# WHAT TO DO:
The answer should be the exact lines from the line containing "立德树人,思政先行。9月21" through the last line of the material below, with no pictures.

# DATA:
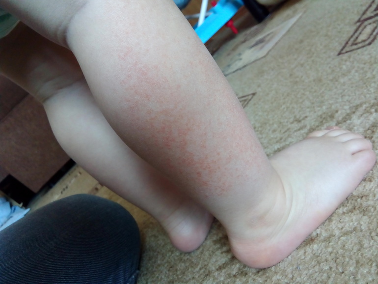 Высыпания на кожеНачалось недавно,но сегодня усилилось. Раньше чуть-чуть было покраснение и сухая кожа в этих местах. Врач говорит аллергия,но едим все то же и порошок тот же.Что это может быть?После прививки усилилось и ещё зубы у него лезут, может в этом причина?Чем помазать ножки?
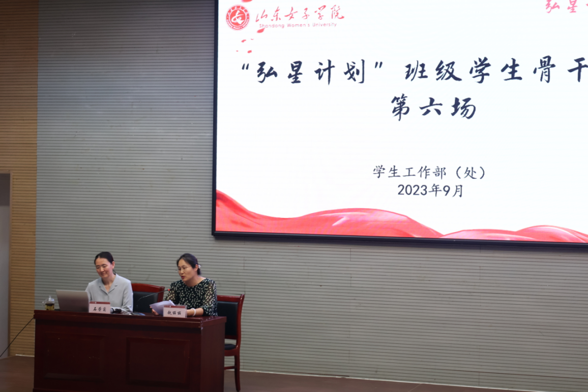 立德树人,思政先行。9月21日下午,学校在图书馆一楼报告厅开展 “弘星计划”班级学生骨干培训班第六场培训。本次培训由学生工作处赵丽丽副处长主持,特邀马克思主义学院副院长石荣菊副教授主讲,各二级学院辅导员代表、2023级班级学生骨干培训班学员以及校自律会易班工作站主席部长共计200余名学生参加培训。
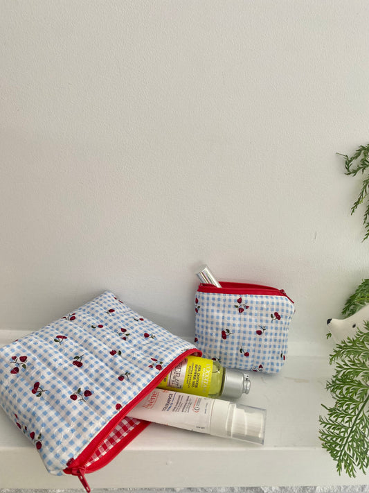 Strawberry&Cherry Gingham Makeup Pouches(blue)

# ANSWER TO THIS EXERCISE:
 立德树人,思政先行。9月21日下午,学校在图书馆一楼报告厅开展 “弘星计划”班级学生骨干培训班第六场培训。本次培训由学生工作处赵丽丽副处长主持,特邀马克思主义学院副院长石荣菊副教授主讲,各二级学院辅导员代表、2023级班级学生骨干培训班学员以及校自律会易班工作站主席部长共计200余名学生参加培训。
 Strawberry&Cherry Gingham Makeup Pouches(blue)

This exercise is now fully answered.